Monitoring with SHAPMonitor

SHAPMonitor is the core class for logging SHAP explanations in production.

Basic Usage

from shapmonitor import SHAPMonitor
import shap

# Create your SHAP explainer
explainer = shap.TreeExplainer(model)

# Initialize monitor
monitor = SHAPMonitor(
    explainer=explainer,
    data_dir="./shap_logs",
    sample_rate=0.1,
    model_version="v1.0",
    feature_names=["feature_1", "feature_2", "feature_3"]
)

# Log a batch of predictions
monitor.log_batch(X_batch)

Configuration Options

explainer (required)

The SHAP explainer to use for computing explanations. Must be a SHAP explainer object (TreeExplainer, LinearExplainer, etc.).

# Tree-based models
explainer = shap.TreeExplainer(model)

# Linear models
explainer = shap.LinearExplainer(model, X_train)

# Any model (slower)
explainer = shap.KernelExplainer(model.predict, X_train)

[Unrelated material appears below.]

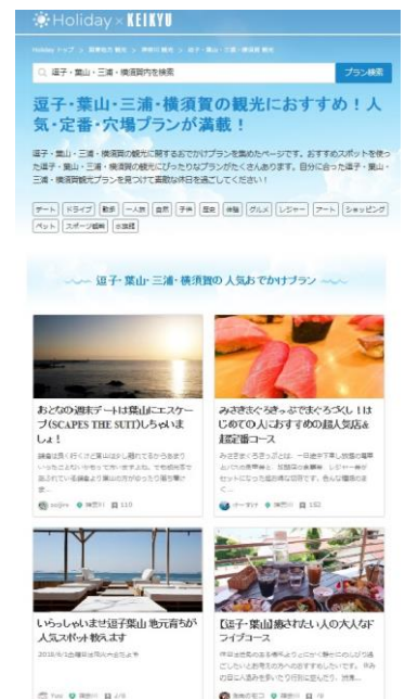
「Holiday」との コラボページ イメージ

data_dir (required if no backend)

Directory where explanation logs will be stored. Files are organized by date:

shap_logs/
  2025-12-26/
    uuid1.parquet
    uuid2.parquet
  2025-12-27/
    uuid3.parquet

sample_rate (optional, default=0.1)

Fraction of predictions to log (0.0 to 1.0). Use sampling to reduce storage and computation:

# Log all predictions (expensive!)
monitor = SHAPMonitor(explainer=explainer, data_dir="./logs", sample_rate=1.0)

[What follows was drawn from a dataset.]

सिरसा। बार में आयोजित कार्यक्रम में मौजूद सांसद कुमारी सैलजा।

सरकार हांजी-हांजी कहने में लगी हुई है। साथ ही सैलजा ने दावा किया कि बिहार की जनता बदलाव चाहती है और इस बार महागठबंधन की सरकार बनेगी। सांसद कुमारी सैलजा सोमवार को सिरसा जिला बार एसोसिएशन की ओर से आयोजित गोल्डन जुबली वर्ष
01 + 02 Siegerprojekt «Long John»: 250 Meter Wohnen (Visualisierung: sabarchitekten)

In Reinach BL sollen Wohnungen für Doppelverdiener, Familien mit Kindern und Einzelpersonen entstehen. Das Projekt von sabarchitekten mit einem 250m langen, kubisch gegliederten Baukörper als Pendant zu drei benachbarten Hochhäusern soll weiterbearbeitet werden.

# Log 10% of predictions (recommended)
monitor = SHAPMonitor(explainer=explainer, data_dir="./logs", sample_rate=0.1)

# Log 1% of predictions (high-volume systems)
monitor = SHAPMonitor(explainer=explainer, data_dir="./logs", sample_rate=0.01)

model_version (optional, default="unknown")

Version identifier for the model. Useful for tracking multiple model versions:

monitor_v1 = SHAPMonitor(
    explainer=explainer_v1,
    data_dir="./logs",
    model_version="v1.0"
)

monitor_v2 = SHAPMonitor(
    explainer=explainer_v2,
    data_dir="./logs",
    model_version="v2.0"
)

feature_names (optional)

List of feature names. If not provided and X is a DataFrame, column names are used. Otherwise, features are named feat_0, feat_1, etc.

# Explicit feature names
monitor = SHAPMonitor(
    explainer=explainer,
    data_dir="./logs",
    feature_names=["age", "income", "score"]
)

# Automatically inferred from DataFrame
X_df = pd.DataFrame(X, columns=["age", "income", "score"])
monitor.log_batch(X_df)  # Uses DataFrame column names

random_seed (optional, default=42)

Seed for reproducible row sampling. Set to None for non-deterministic sampling.

backend (optional)

Custom storage backend. If not provided, ParquetBackend is used with data_dir.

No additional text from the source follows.